Austin Hospital One Of First In U.S. To Implant Next-Generation Cardiac Device To Reduce Risk Of Stroke
Texas Cardiac Arrhythmia Institute at St. David's Medical Center, Los Robles Health System perform near-simultaneous implantation of new device
AUSTIN, Texas – On Aug. 5, 2020, physicians at the Texas Cardiac Arrhythmia Institute (TCAI) at St. David Medical Center in Austin, Texas, and Los Robles Health System in Thousand Oaks, California, became the first in the nation to implant the only FDA-approved device for the reduction of stroke risk in patients with non-valvular atrial fibrillation (AFib). TCAI
The physicians at these hospitals, both HCA Healthcare facilities, performed near-simultaneous implantation of the WATCHMAN FLXTM Left Atrial Appendage Closure (LAAC).
Andrea Natale, M.D., F.H.R.S., F.A.C.C., F.E.S.C., a cardiac electrophysiologist and executive medical director of TCAI, and Saibal Kar, M.D., interventional cardiologist at Los Robles Health System, performed the first procedure in Thousand Oaks, California, while Rodney Horton, M.D., cardiac electrophysiologist at TCAI, performed the first case in Austin, Texas.
Additionally, Dr. Kar was the principal investigator for the preclinical PINNACLE FLX trial prior to FDA approval, which evaluated the performance of the WATCHMAN FLX device as an alternative to the long-term, non-vitamin K antagonist oral anticoagulants (NOACs) and other oral anticoagulant medications.
“The new device is built upon the most studied and implanted LAAC device in the world as a treatment option for people with AFib not caused by a heart valve problem, also known as non-valvular AFib,” Dr.

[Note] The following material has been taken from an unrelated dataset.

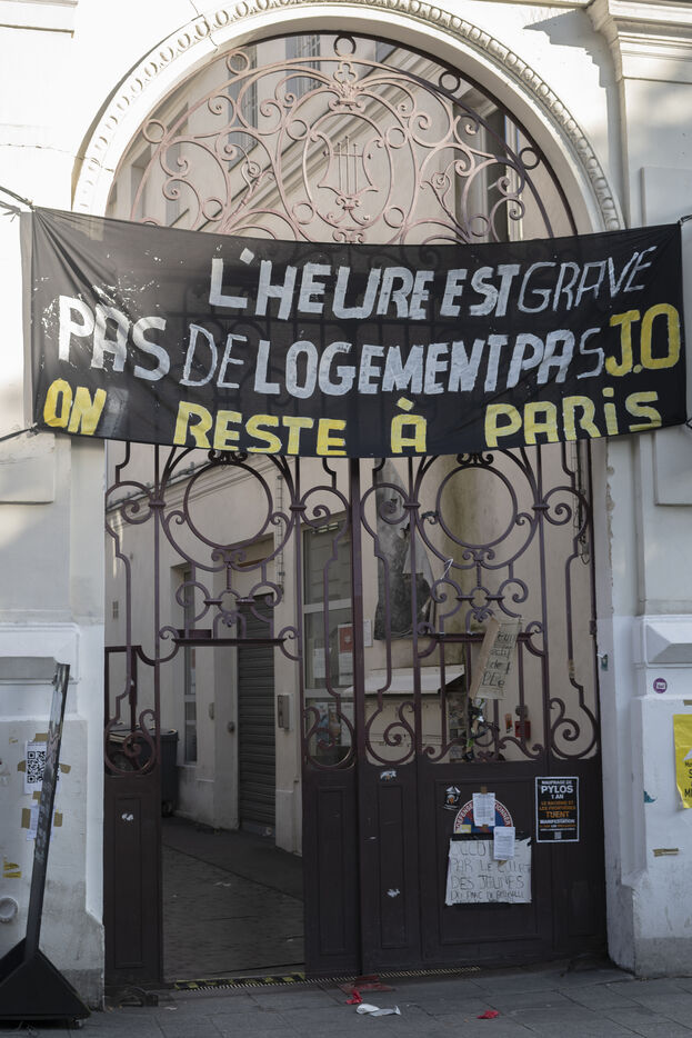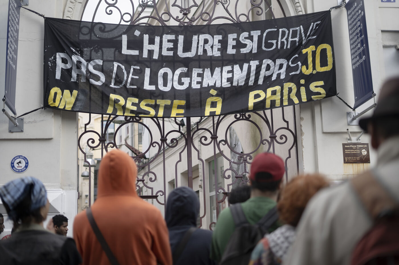 Plusieurs dizaines de personnes se sont rassemblées devant le lieu culturel occupé par les mineurs isolés, la maison des Métallos, à la veille de l'ordonnance d'évacuation, demandée par la ville de Paris. Paris, le 19.06.24

Kar said. “It allows us to help treat more patients safely and effectively to ensure the best outcomes.”
Up to six million Americans are estimated to be affected by AFib, an irregular heartbeat that feels like a quivering heart. People with AFib have a five times greater risk of stroke than those with normal heart rhythms.
“This device serves as a safe and effective alternative to reduce the risk of stroke for patients with non-valvular AFib, especially those with a compelling reason not to be on blood thinners,” Dr. Horton said.

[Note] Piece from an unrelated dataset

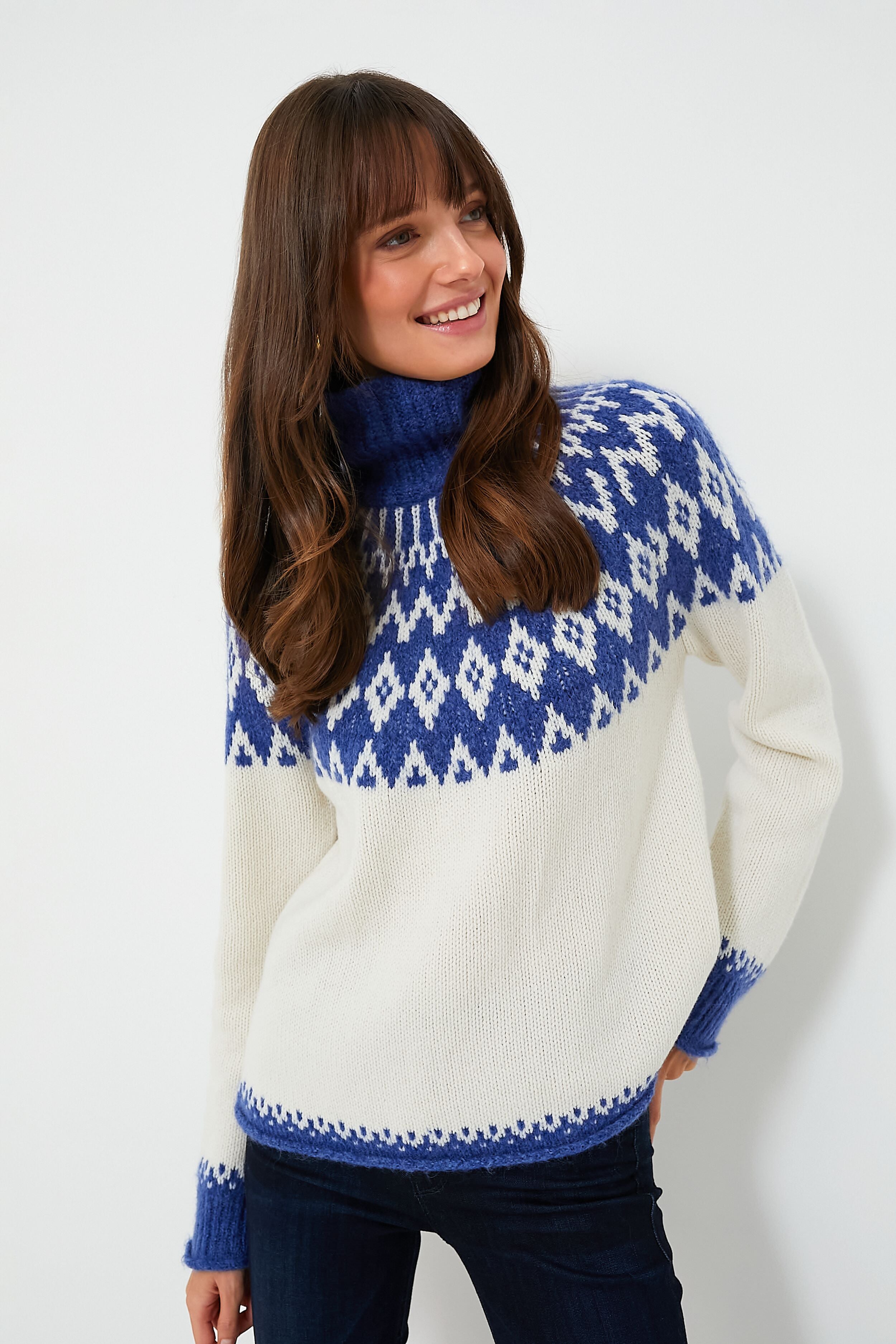 Off White and Navy Ceriani Knit Jacket with Sequins

This technology is designed to reduce the risk of stroke by permanently closing off an area of the heart called the left atrial appendage (LAA) to keep harmful blood clots that can form in the LAA from entering the bloodstream and potentially causing a stroke.
By closing off the LAA, the risk of stroke may be reduced and, over time, patients may be able to stop taking blood thinners, such as warfarin.
“The rounded design allows us to safely enter, and maneuver within, the LAA, resulting in optimal placement and long-term stability,” Dr. Natale said. “It is also available in broader size options than the previous generation device, which allows us to treat a wider range of patients.”
The procedure is done under general anesthesia and takes about an hour. Patients commonly stay in the hospital overnight and leave the next day.